On a unit basis, inventory per boutique decreased 8%. Capital expenditures for the quarter totaled $2.6 million and were comprised of $1.4 million paid in the first quarter for fourth quarter accrued CapEx and $1.2 million spent primarily to complete new, remodeled and relocated boutiques that had begun in the fourth quarter. We have minimal plan to CapEx for the remainder of fiscal 2019.
During the quarter, we opened three new boutiques and closed eight, bringing our total boutique count to 722. We plan to open one more boutique during the year that has already been built out. We now expect to close at least 30 boutiques in 2019 with a focus on negative contribution margin boutiques that are at kick-out period or lease end.
This concludes the financial review. And I’ll now turn the call back over to Michael for his closing remarks.
Thank you, Kelly.
Before closing, I would like to touch on the strategic review process that we announced in January. We continue to work with our retained advisers who are assisting us in the review of possible strategic alternatives. We have not set a timetable for the completion of the review process and we did not intend to comment on the process until a specific transaction or other alternative is approved by our Board of Directors, the process is concluded or it is otherwise determined that further disclosure in appropriate.

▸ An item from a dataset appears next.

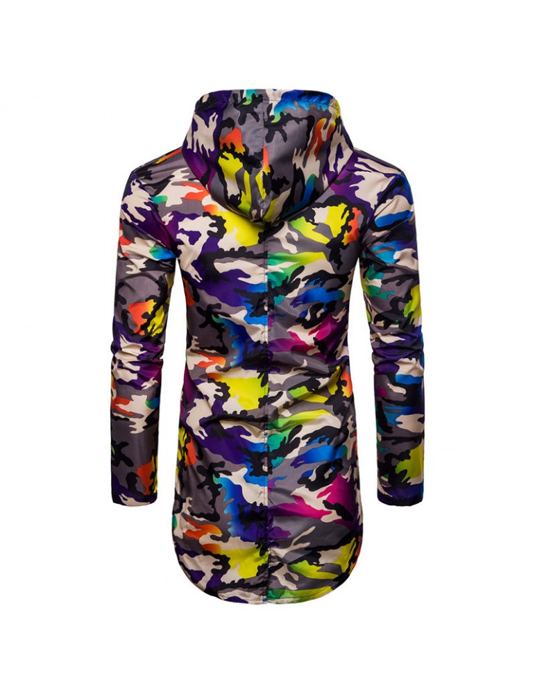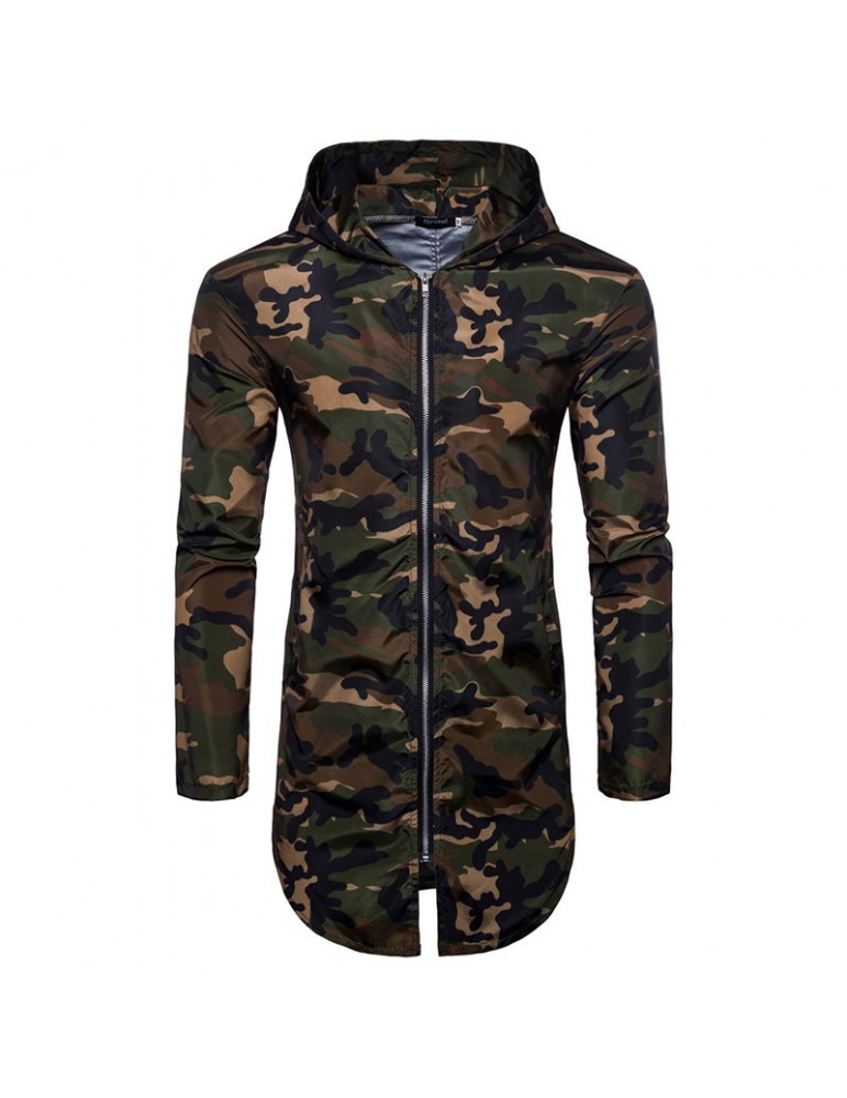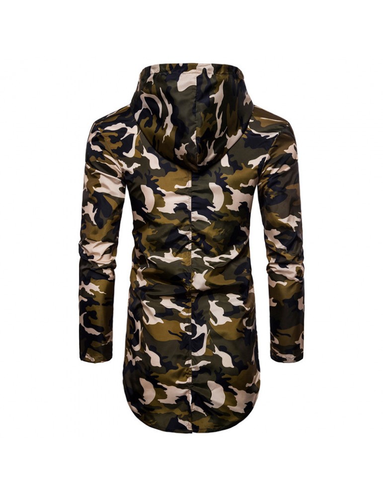 Outdoor Sunscreen Thin Mid Long Camouflage Printing Hooded Jacket for Men

In conclusion, I would like to once again thank the senior leadership team and entire Francesca’s organization. There has been a tremendous amount of hard work done to implement our turnaround plan. Although early in the process, we are optimistic and energetically working towards a successful implementation of our initiatives. Thank you.
在结束之前，我想谈谈我们在1月宣布的战略审查程序。 我们继续与我们的留任顾问合作，他们协助我们审查可能的战略选择。 我们尚未设定完成审核流程的时间表，在董事会批准特定交易或其他替代方案，流程结束或另行确定进一步披露之前，我们无意对流程发表评论 在适当的。
最后，我想再次感谢高级领导团队和整个Francesca的组织。 为实施我们的周转计划已经付出了巨大的努力。 虽然在此过程的早期阶段，我们乐观而积极地努力成功实施我们的计划。 谢谢。
This concludes today’s conference. You may now disconnect your lines at this time. Thank you for your participation.
今天的会议结束了。 您现在可以断开线路。 感谢您的参与。